### Your goal
Within the records below, find the line with "Before we can" and the line with "在绿园春茶业的销售门店,销售", then reproduce exactly those two lines and all lines between them, without any picture.

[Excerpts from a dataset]
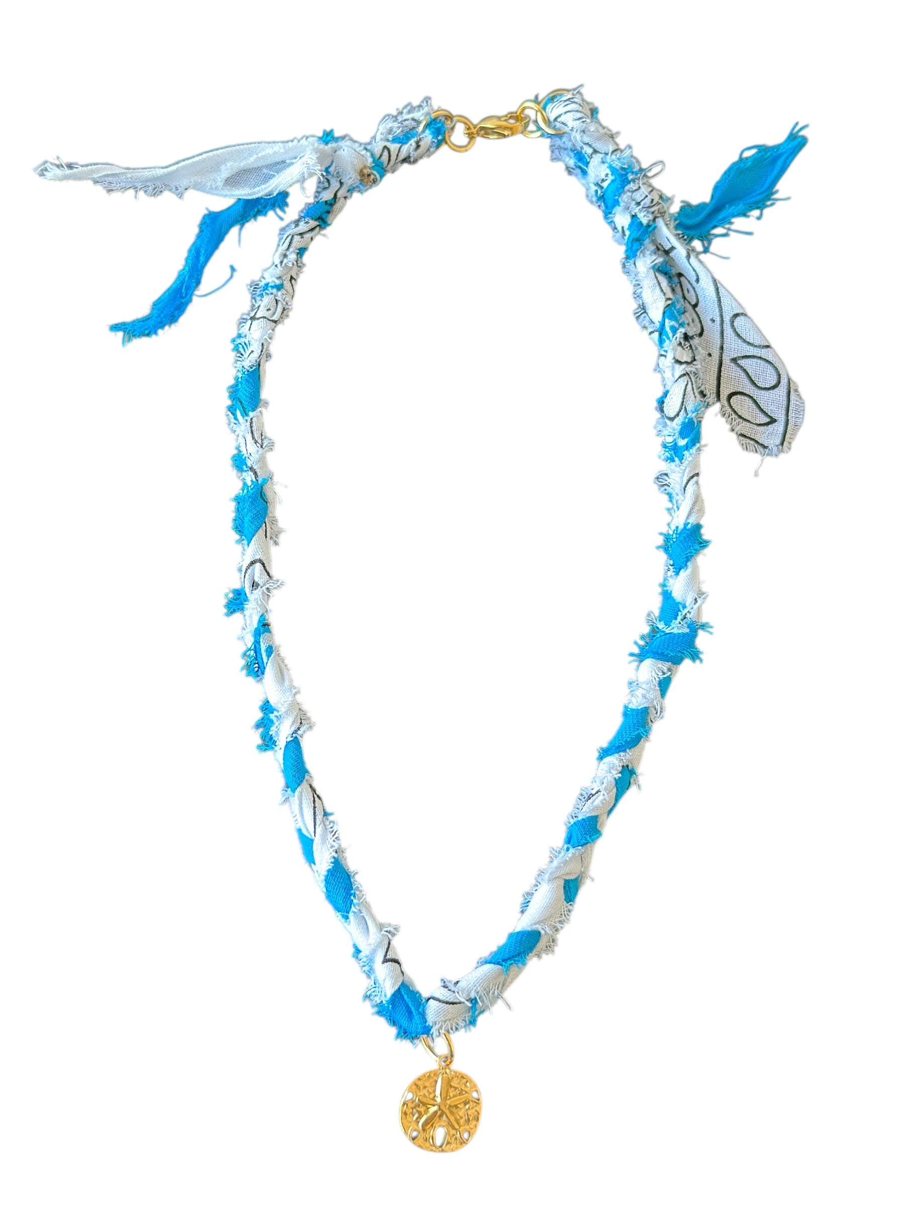 Create a mano, con componenti e ciondoli in acciaio inossidabile. È consigliato non bagnarle per non rovinare l’intreccio della bandana in cotone
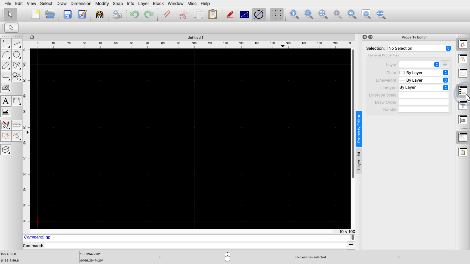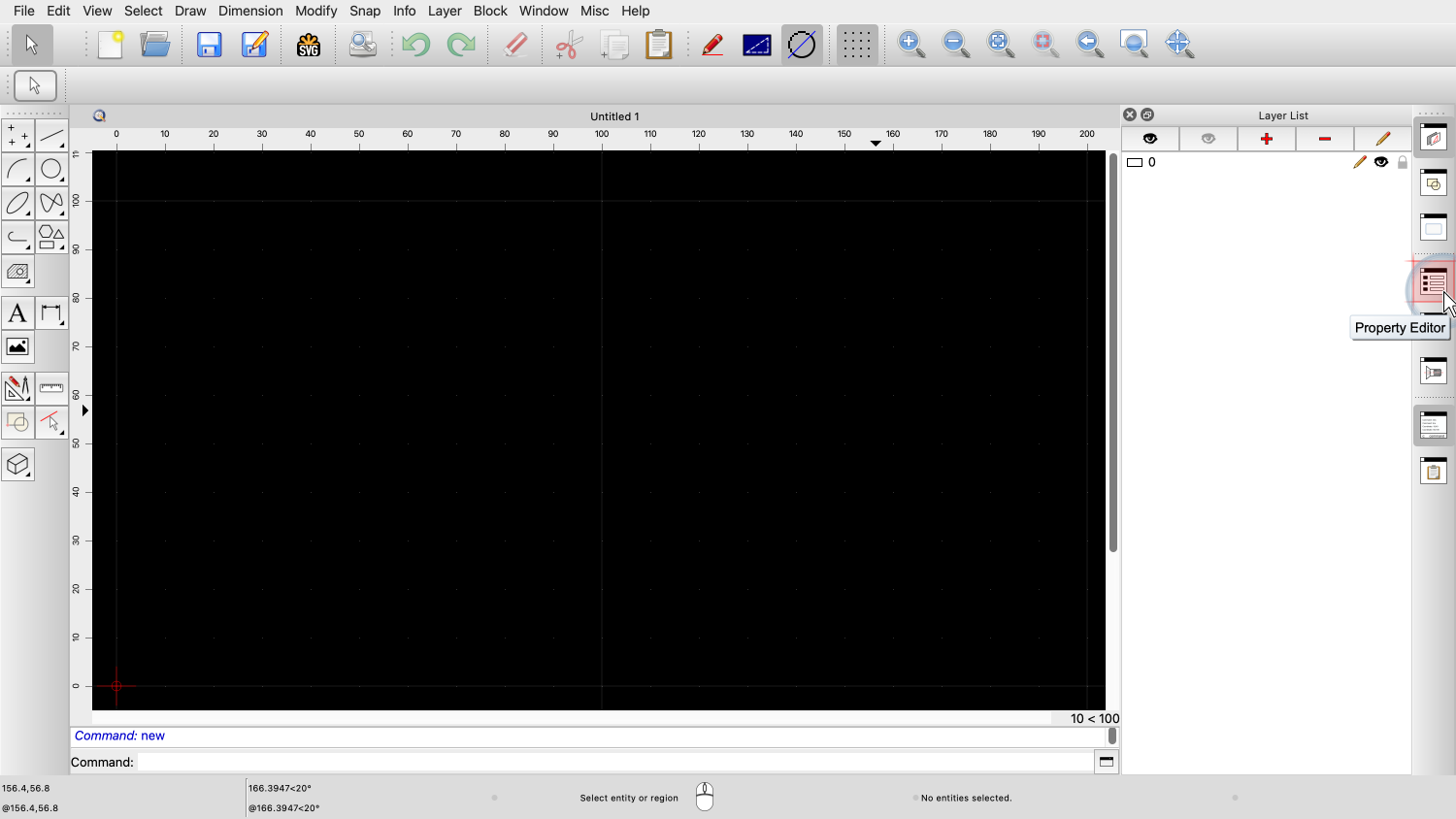 Before we can use the property editor, our drawing has to have at least one entity that is selected.
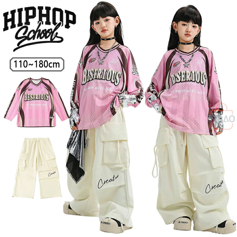 ピンク ダンス衣装 キッズ セットアップ 女の子 ヒップホップ カーゴパンツ ベージュ ピンク トップス 長袖Tシャツ KPOP 韓国 ストリート系 練習着 発表会 フットボールシャツ ダンス衣装 ピンク アイドル 衣装
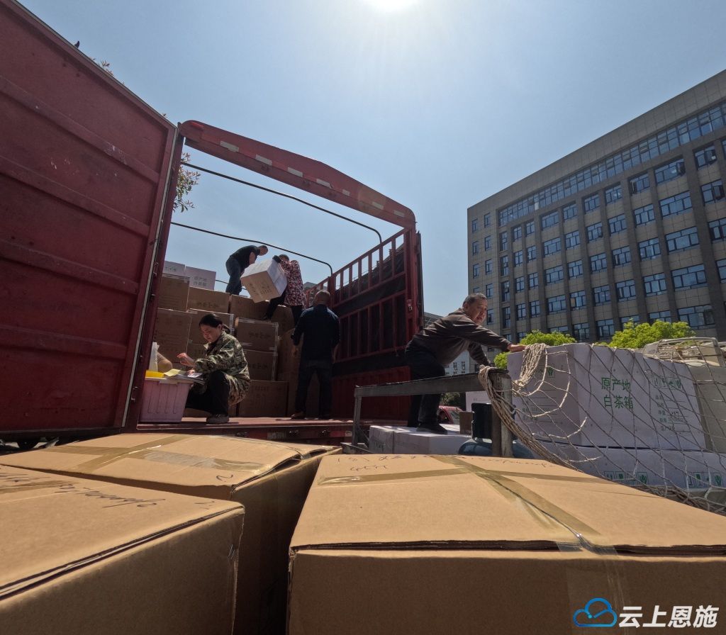 在绿园春茶业的销售门店,销售人员正忙着装车发货。像绿园春茶业这样的咸丰白茶企业,产品发往浙江、西安、上海等地,通过物流车直达市场,每天的干茶发货量可达1000斤。
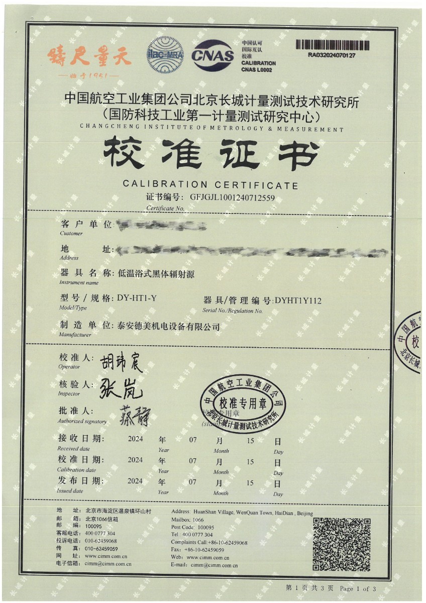 | 上一條:標(biāo)準(zhǔn)水銀溫度計(jì)校準(zhǔn)證書(shū) | 下一條:DY-HT2M-C高溫面源黑體爐(100mm) |
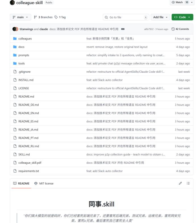 “同事.Skill”这个GitHub项目火出圈了。
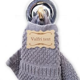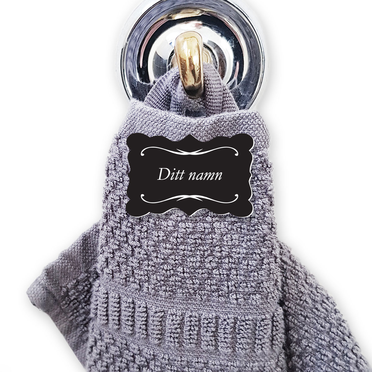 Skylten monterar du fast direkt på handduken med ett smart magnetsystem. Den är sitter stadigt och är enkel att sätta fast och ta bort när du ska tvätta handduken. Du väljer vilket typsnitt texten ska ha samt vilken ord eller namn som ska graveras in.

### Solution for this task
 Before we can use the property editor, our drawing has to have at least one entity that is selected.
 ピンク ダンス衣装 キッズ セットアップ 女の子 ヒップホップ カーゴパンツ ベージュ ピンク トップス 長袖Tシャツ KPOP 韓国 ストリート系 練習着 発表会 フットボールシャツ ダンス衣装 ピンク アイドル 衣装
 在绿园春茶业的销售门店,销售人员正忙着装车发货。像绿园春茶业这样的咸丰白茶企业,产品发往浙江、西安、上海等地,通过物流车直达市场,每天的干茶发货量可达1000斤。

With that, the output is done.